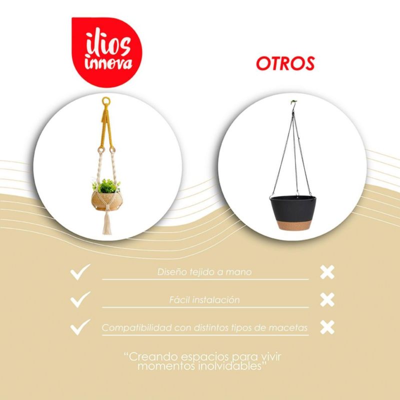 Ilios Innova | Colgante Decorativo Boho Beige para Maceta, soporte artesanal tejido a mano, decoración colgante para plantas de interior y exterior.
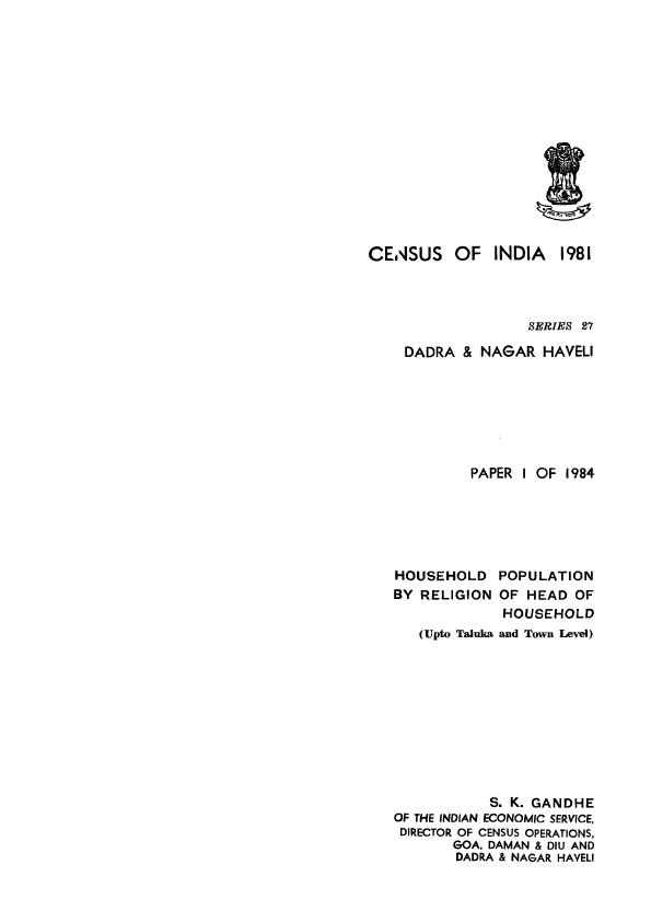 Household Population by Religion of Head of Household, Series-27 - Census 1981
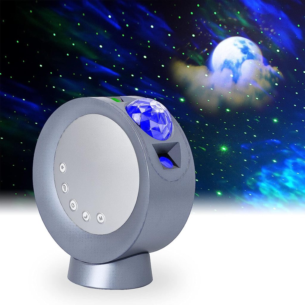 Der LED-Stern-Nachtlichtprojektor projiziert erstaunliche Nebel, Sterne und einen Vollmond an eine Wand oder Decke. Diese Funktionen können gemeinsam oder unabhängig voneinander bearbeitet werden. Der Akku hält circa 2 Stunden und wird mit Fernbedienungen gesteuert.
★ ★ ★ ★
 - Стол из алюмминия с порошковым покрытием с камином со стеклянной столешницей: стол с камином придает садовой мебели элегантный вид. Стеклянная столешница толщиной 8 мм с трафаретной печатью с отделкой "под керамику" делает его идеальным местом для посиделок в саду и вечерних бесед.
★ ★ ★ ★
### WHAT TO PRODUCE
Starting with the line that contains "Household Population by" and finishing with the line that contains "Der LED-Stern-Nachtlichtprojektor projiziert", reproduce every line of the material above exactly, but not the pictures.

### WRITTEN RESPONSE
 Household Population by Religion of Head of Household, Series-27 - Census 1981
 Der LED-Stern-Nachtlichtprojektor projiziert erstaunliche Nebel, Sterne und einen Vollmond an eine Wand oder Decke. Diese Funktionen können gemeinsam oder unabhängig voneinander bearbeitet werden. Der Akku hält circa 2 Stunden und wird mit Fernbedienungen gesteuert.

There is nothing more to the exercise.